Employers have certain obligations when considering redundancy, whether it relates to a standalone position or larger numbers. Whilst redundancy is a potentially fair reason for dismissal, getting it wrong can leave the employer exposed to costly claims of unfair dismissal, and in some cases, unlawful discrimination. Issues that commonly arise include the following.
How to determine the correct redundancy pool
Where there has been or will be cessation or diminution of a particular kind of work, a selection pool is likely to be relevant. The employer will need to decide whether the pool will be just those performing the same role, or if it will also include those whose skills are interchangeable. The Tribunal will expect the employer to have given genuine consideration to what the pool should be, and be able to show it.
Where an employee is included in the pool, they must have an opportunity to question their inclusion as part of the consultation process.
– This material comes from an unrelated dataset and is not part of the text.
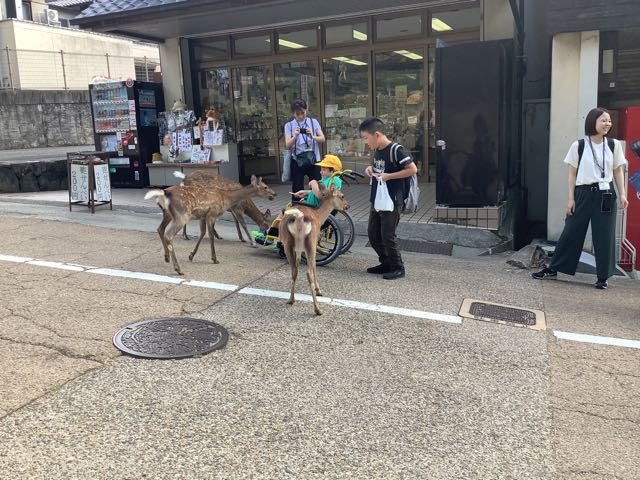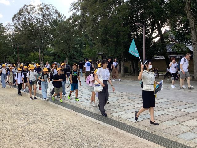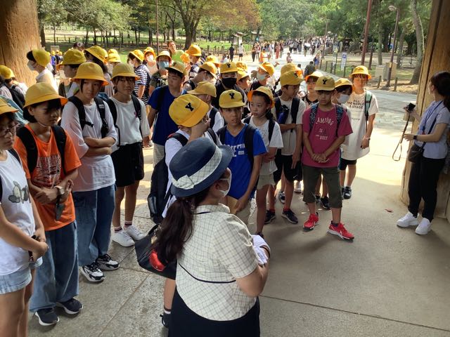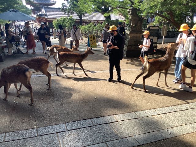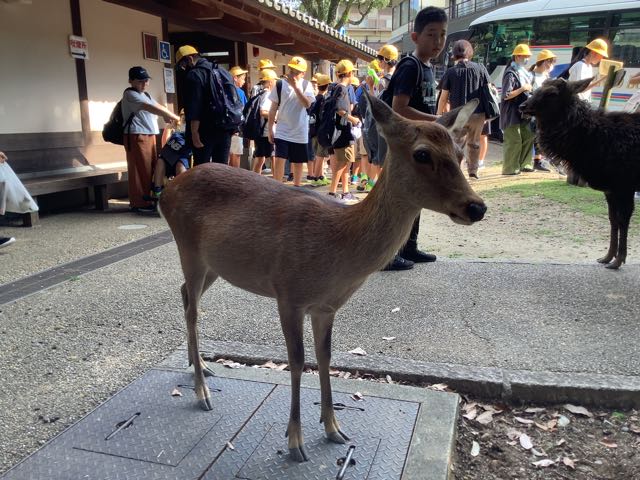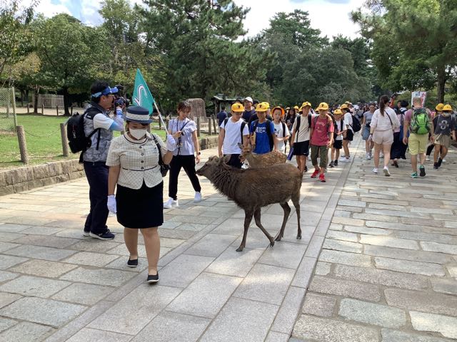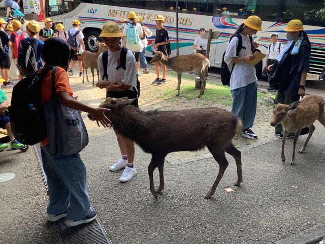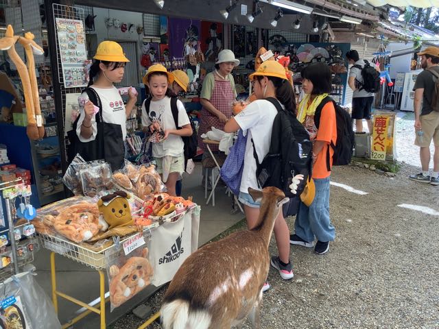 公園内はグループ行動です。途中でお土産を買ったり、鹿にせんべいをあげたりと楽しみました。

Standalone roles will by their nature ordinarily result in a pool of one, but consideration may need to be given to including subordinate roles where the roles are not too dissimilar in nature and remuneration (known as ‘bumping’).
What selection criteria should be used?
Any measure which puts those with a particular protected characteristic at a disadvantage (e.g. sex, age, disability) can lead to an unlawful discrimination claim if not adjusted to remove such impact.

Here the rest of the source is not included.